Que porque me dijo mientes...,
porque me sopló la dama...
u otras tales bagatelas,
¿he de andar a cuchilladas?
¡Hubo en nuestros antiguos
gentiles extravagancias!


DON MODESTO
Gentiles serían; pero
ahora no son muy cristianas»262.


Para mayor abundamiento, los sainetes que abordan cuestiones teatrales (La crítica o El poeta aburrido) o bien parodian un género neoclásico (especialmente Manolo, Inesilla la de Pinto y El Muñuelo) corroboran, desde el punto de vista estético y literario, lo que acabamos de observar en el campo de la crítica de los usos y costumbres.
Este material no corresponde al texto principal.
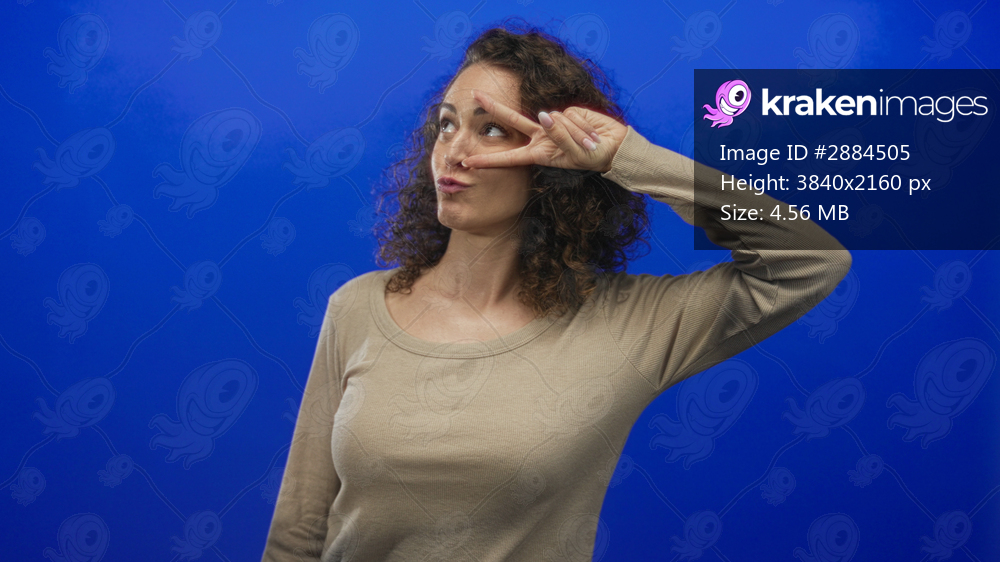 Woman making a peace sign with hand near face in bright blue studio; playful confidence optimism warmth.

Como señala Luciano García Lorenzo, ninguna obra es «inocente» y las burlescas «persiguen, a través de la caricatura, de la mascarada, de la pintura, grotesca, de tipos y situaciones, ridiculizar unos gustos -una estética- determinados y defender, a través de otra estética, el grupo social que demanda en el escenario esas obras»263. También, pues, por este camino paralelo Ramón de la Cruz sirve el conservadurismo de su público. Por él revelará cierta simpatía, aunque, por ejemplo, critique la rapidez con que algunos gastan su jornal o la fanfarronería ociosa de otros, mientras que desaprobará la clase media alta, que ha perdido en aras de la mímesis y el afrancesamiento su personalidad y españolismo. No interesa aquí averiguar si Ramón de la Cruz generaliza en exceso, sino poner punto final a esta aproximación a la ideología de quien fuera maestro de los saineteros de finales del XVIII, con la opinión de Arthur Hamilton: «As a thorough reactionary, he believed that in the past and only in the past, lay the greatness of Spain, and therefore that all customs of that past were excellent, and all changes and innovations of his own day were, ipso facto, to be condemned»264. Los sainetes de González del Castillo o, según veremos, los de Comella nos hubieran mostrado que el sainete puede servir en parte como vehículo de un pensamiento más avanzado.